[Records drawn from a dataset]
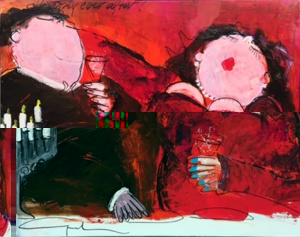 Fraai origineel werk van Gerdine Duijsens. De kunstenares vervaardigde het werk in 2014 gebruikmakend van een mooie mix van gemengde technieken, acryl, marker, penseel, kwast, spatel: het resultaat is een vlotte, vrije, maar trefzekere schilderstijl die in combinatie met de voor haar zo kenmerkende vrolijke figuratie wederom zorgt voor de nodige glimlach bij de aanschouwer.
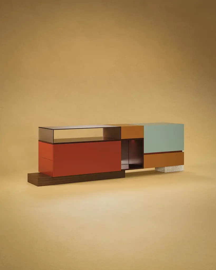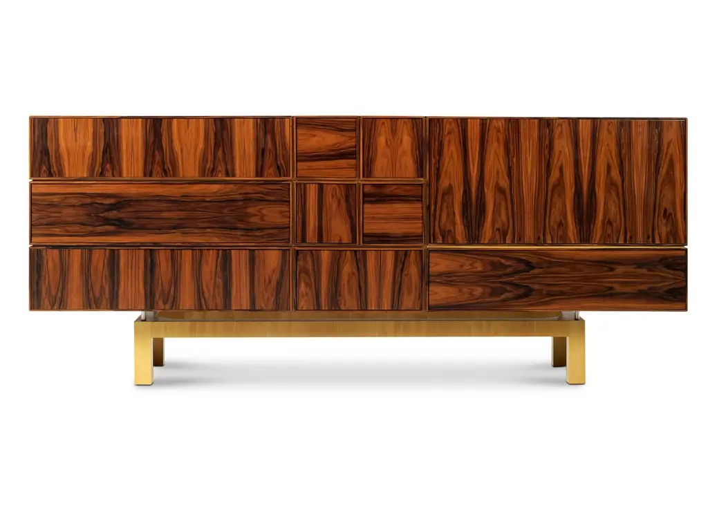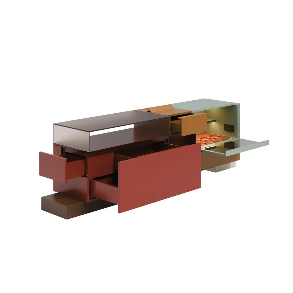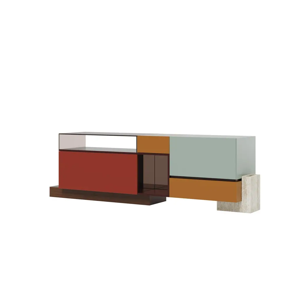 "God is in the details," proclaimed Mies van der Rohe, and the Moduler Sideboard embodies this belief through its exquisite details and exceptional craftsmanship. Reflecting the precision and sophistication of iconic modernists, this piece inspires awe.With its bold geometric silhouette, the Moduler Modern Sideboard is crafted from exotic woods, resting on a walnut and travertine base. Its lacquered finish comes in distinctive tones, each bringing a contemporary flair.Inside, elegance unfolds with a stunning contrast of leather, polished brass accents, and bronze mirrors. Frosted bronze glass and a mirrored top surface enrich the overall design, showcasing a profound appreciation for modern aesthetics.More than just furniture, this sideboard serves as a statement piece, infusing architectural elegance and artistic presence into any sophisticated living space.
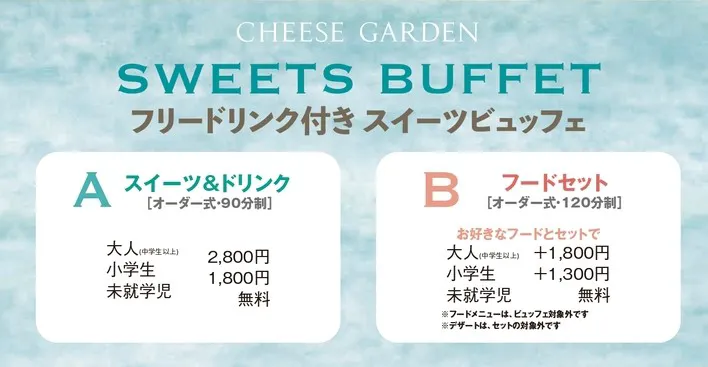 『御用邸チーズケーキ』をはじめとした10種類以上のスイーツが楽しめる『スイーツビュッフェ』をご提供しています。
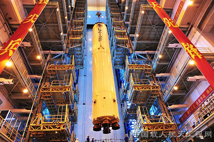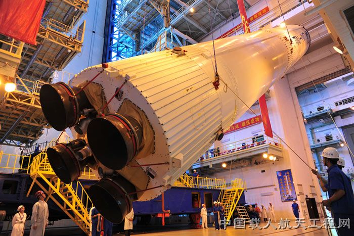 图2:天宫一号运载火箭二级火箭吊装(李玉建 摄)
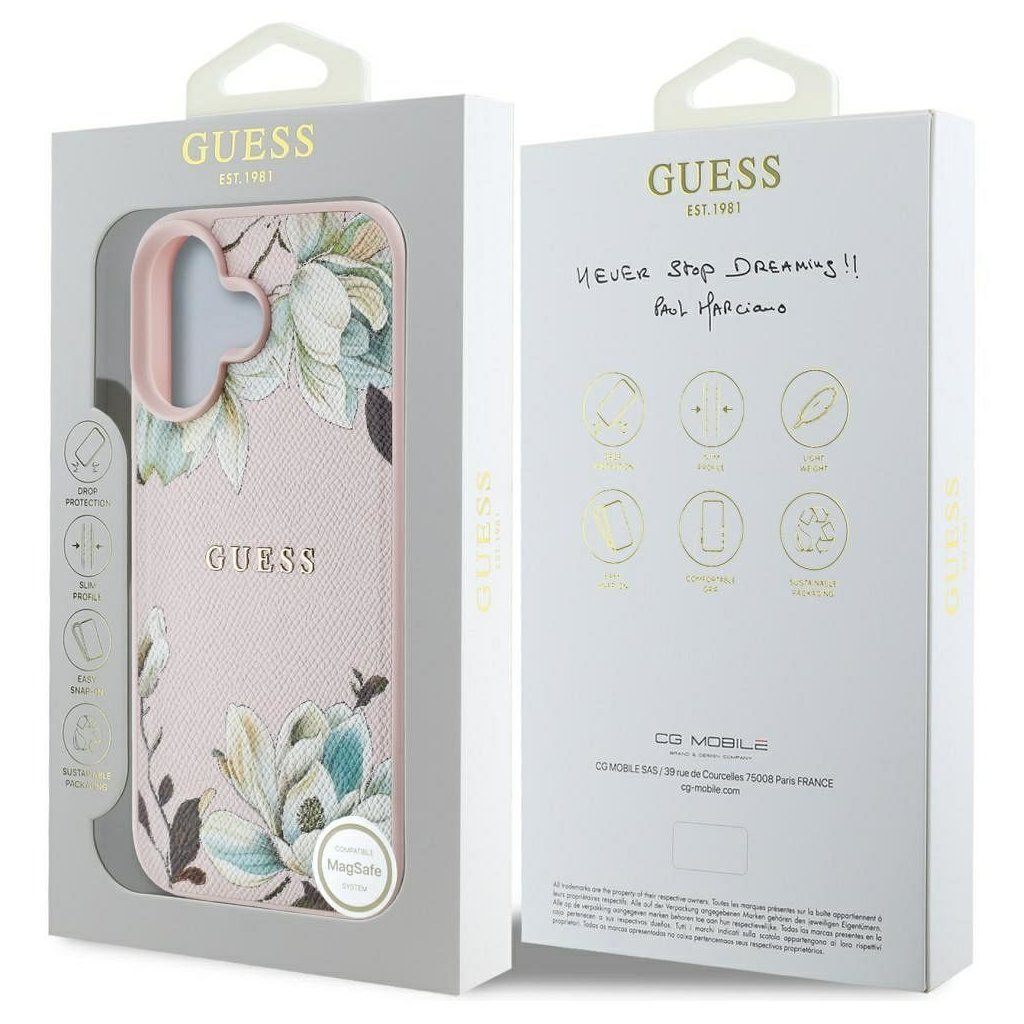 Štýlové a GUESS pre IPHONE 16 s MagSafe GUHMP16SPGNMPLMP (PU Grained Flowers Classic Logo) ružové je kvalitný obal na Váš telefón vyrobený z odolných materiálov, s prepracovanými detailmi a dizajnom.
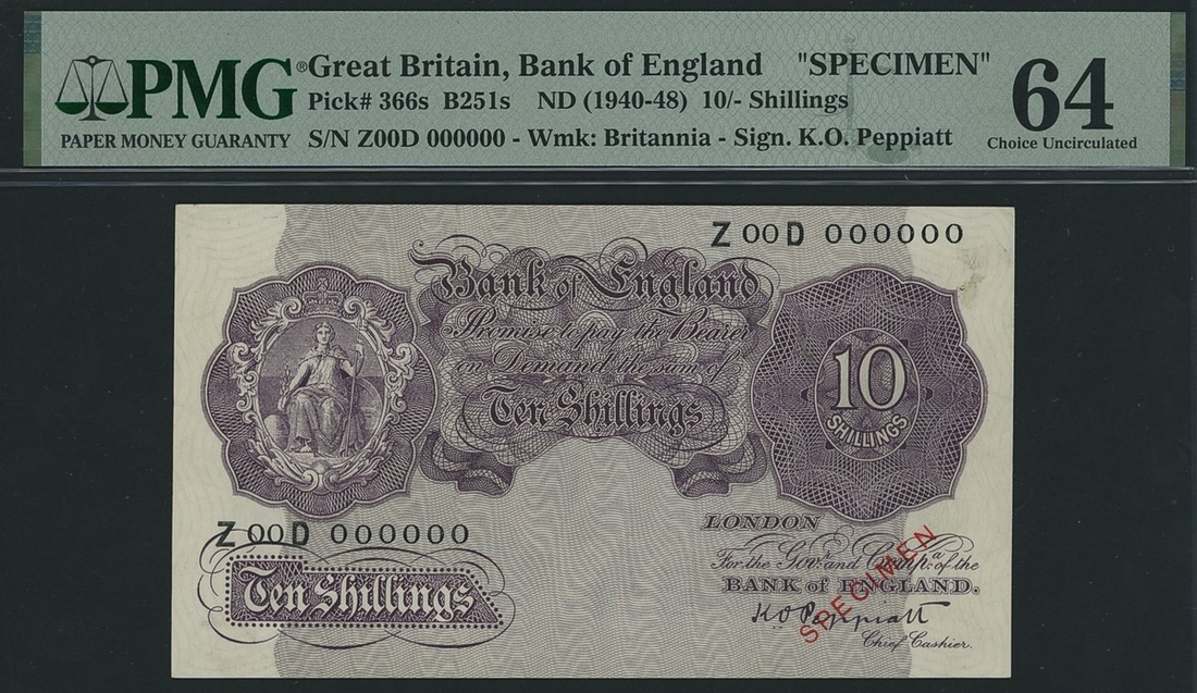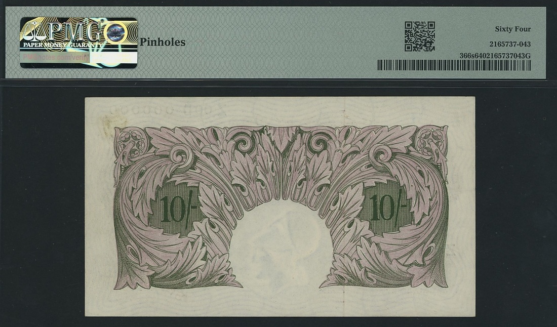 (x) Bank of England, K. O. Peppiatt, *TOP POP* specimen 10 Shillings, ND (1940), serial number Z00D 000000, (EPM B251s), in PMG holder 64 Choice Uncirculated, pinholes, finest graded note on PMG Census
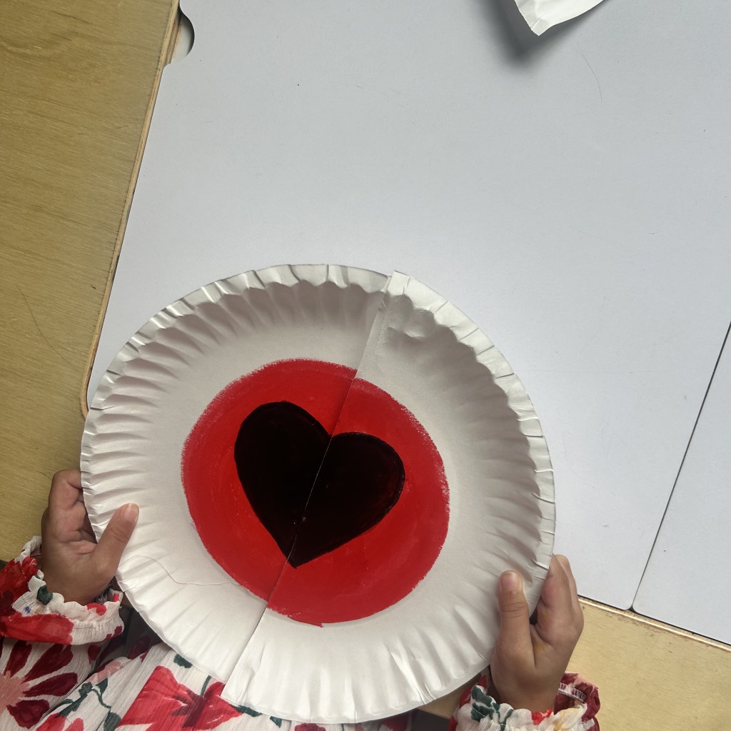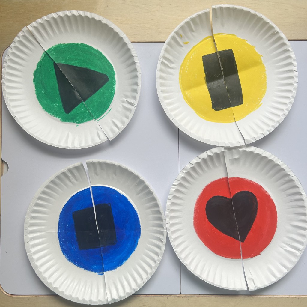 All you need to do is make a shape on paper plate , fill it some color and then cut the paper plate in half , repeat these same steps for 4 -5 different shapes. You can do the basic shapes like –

(EXERCISE DESCRIPTION): Your output should be the lines above from the one that contains "图2:天宫一号运载火箭二级火箭吊装(李玉建 摄)" through the one that contains "(x) Bank of", word for word, with pictures left out.

(SOLUTION BELOW):
 图2:天宫一号运载火箭二级火箭吊装(李玉建 摄)
 Štýlové a GUESS pre IPHONE 16 s MagSafe GUHMP16SPGNMPLMP (PU Grained Flowers Classic Logo) ružové je kvalitný obal na Váš telefón vyrobený z odolných materiálov, s prepracovanými detailmi a dizajnom.
 (x) Bank of England, K. O. Peppiatt, *TOP POP* specimen 10 Shillings, ND (1940), serial number Z00D 000000, (EPM B251s), in PMG holder 64 Choice Uncirculated, pinholes, finest graded note on PMG Census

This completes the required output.